:: Aim of the task ::
Give back the whole listing word for word and skip each picture.

:: The records ::
————

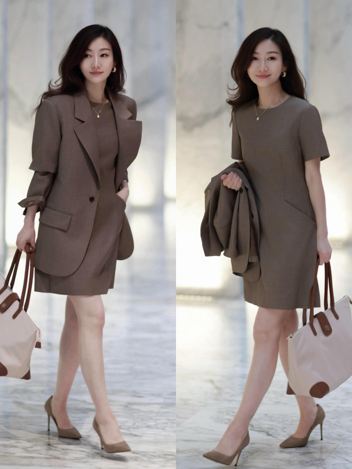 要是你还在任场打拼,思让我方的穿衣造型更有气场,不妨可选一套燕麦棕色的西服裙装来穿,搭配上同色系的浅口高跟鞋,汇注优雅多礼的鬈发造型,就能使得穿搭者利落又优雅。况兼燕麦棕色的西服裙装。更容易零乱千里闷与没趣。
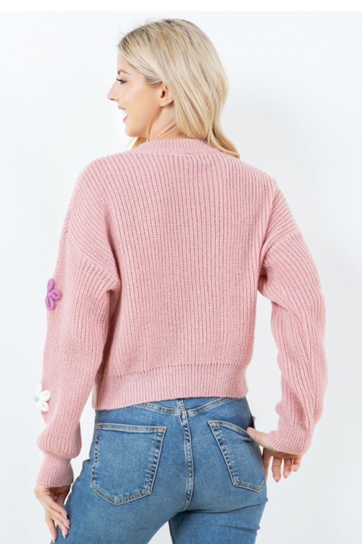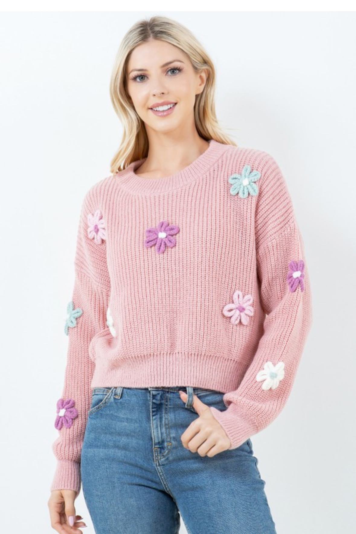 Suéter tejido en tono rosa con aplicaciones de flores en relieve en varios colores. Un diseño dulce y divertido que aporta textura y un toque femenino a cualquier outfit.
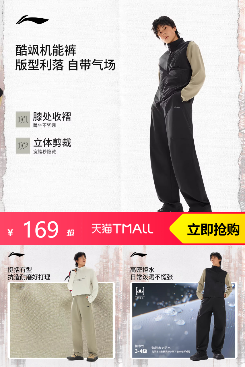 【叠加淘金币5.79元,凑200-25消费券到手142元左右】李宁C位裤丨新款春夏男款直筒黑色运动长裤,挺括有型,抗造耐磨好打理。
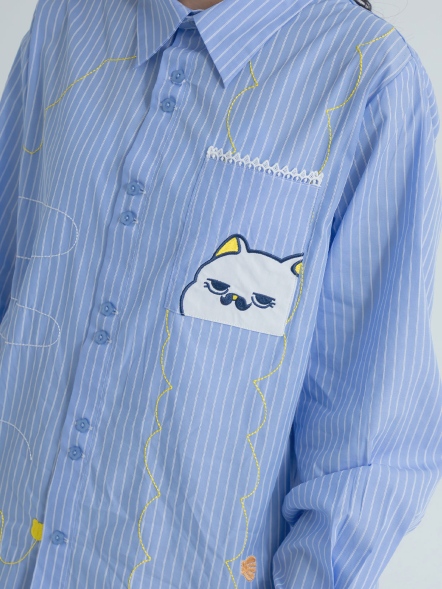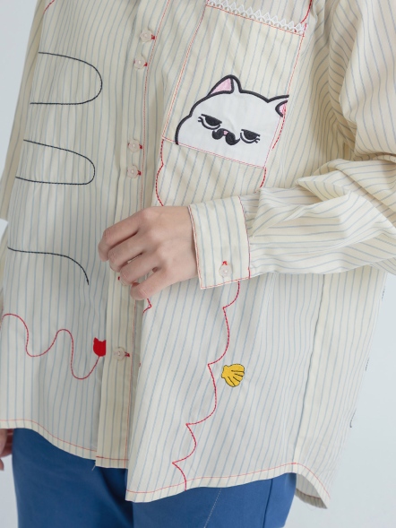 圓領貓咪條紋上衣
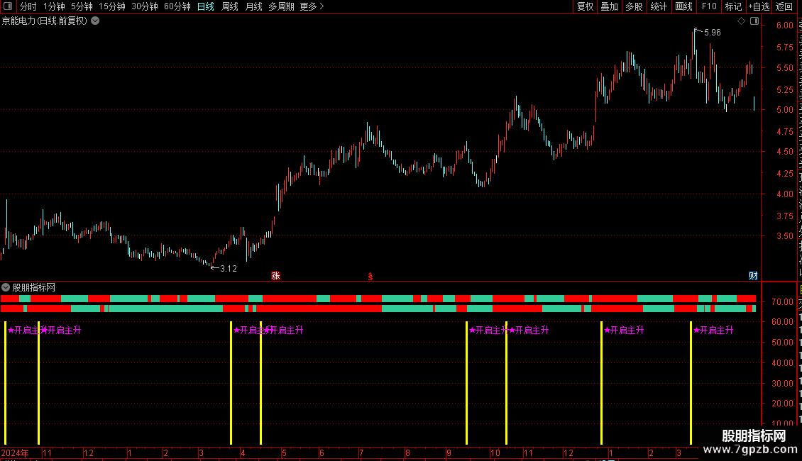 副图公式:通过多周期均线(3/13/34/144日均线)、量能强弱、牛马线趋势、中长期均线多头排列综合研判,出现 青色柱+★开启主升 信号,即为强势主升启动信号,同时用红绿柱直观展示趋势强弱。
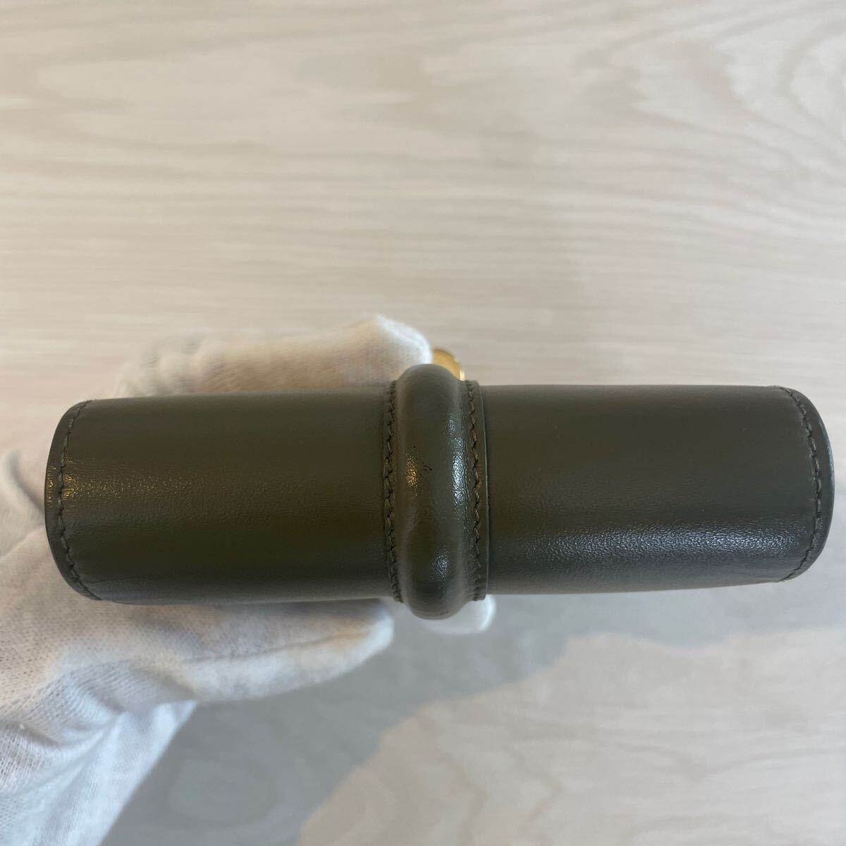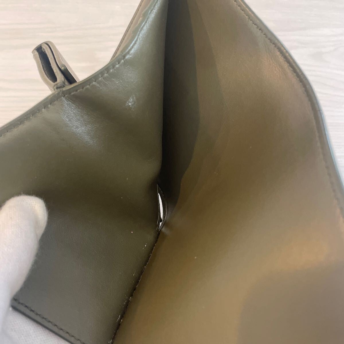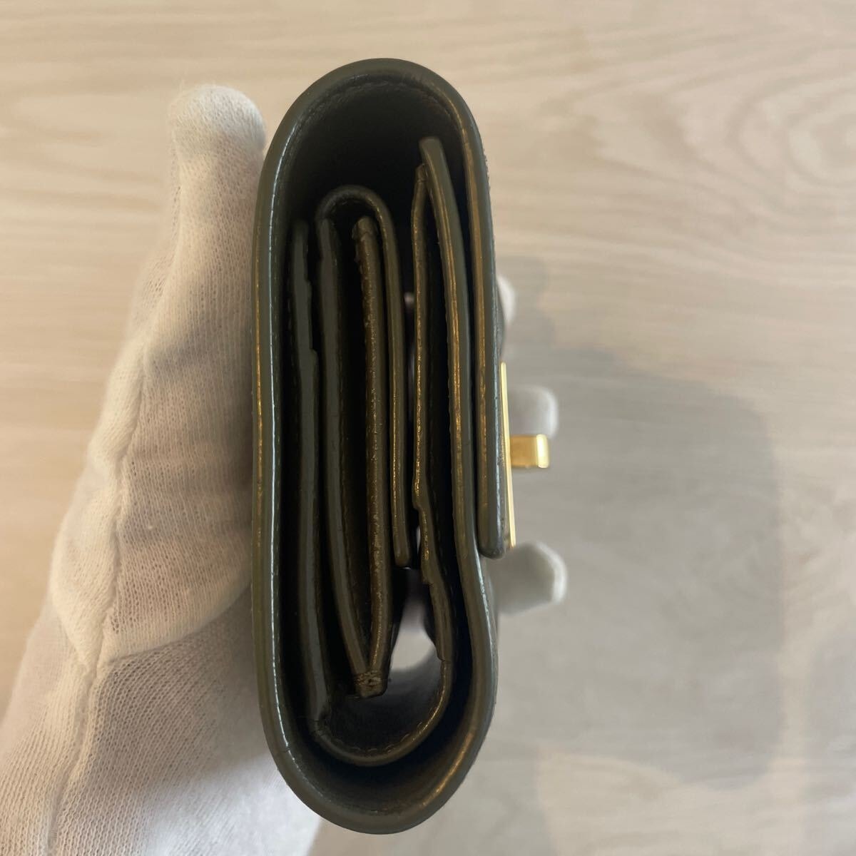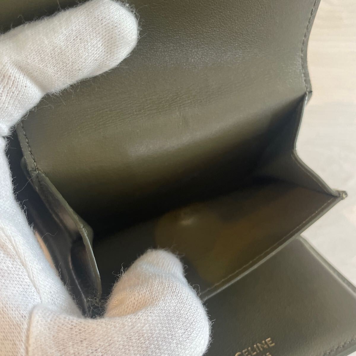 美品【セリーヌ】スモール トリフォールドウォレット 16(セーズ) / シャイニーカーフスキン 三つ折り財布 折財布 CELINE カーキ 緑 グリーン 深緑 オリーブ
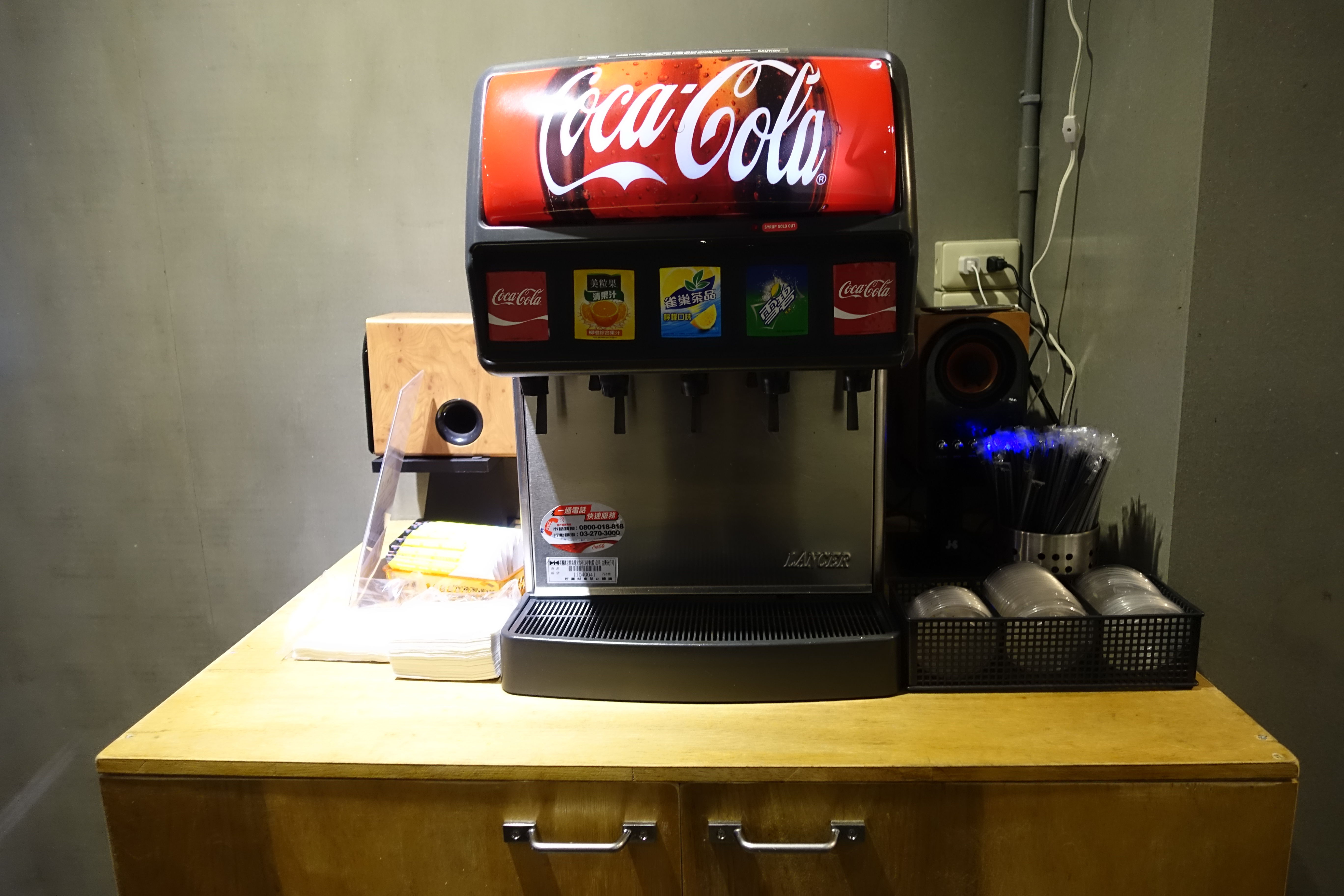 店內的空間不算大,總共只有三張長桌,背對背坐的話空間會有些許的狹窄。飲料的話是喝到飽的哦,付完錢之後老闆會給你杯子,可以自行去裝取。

————

:: Solved exercise ::
 要是你还在任场打拼,思让我方的穿衣造型更有气场,不妨可选一套燕麦棕色的西服裙装来穿,搭配上同色系的浅口高跟鞋,汇注优雅多礼的鬈发造型,就能使得穿搭者利落又优雅。况兼燕麦棕色的西服裙装。更容易零乱千里闷与没趣。
 Suéter tejido en tono rosa con aplicaciones de flores en relieve en varios colores. Un diseño dulce y divertido que aporta textura y un toque femenino a cualquier outfit.
 【叠加淘金币5.79元,凑200-25消费券到手142元左右】李宁C位裤丨新款春夏男款直筒黑色运动长裤,挺括有型,抗造耐磨好打理。
 圓領貓咪條紋上衣
 副图公式:通过多周期均线(3/13/34/144日均线)、量能强弱、牛马线趋势、中长期均线多头排列综合研判,出现 青色柱+★开启主升 信号,即为强势主升启动信号,同时用红绿柱直观展示趋势强弱。
 美品【セリーヌ】スモール トリフォールドウォレット 16(セーズ) / シャイニーカーフスキン 三つ折り財布 折財布 CELINE カーキ 緑 グリーン 深緑 オリーブ
 店內的空間不算大,總共只有三張長桌,背對背坐的話空間會有些許的狹窄。飲料的話是喝到飽的哦,付完錢之後老闆會給你杯子,可以自行去裝取。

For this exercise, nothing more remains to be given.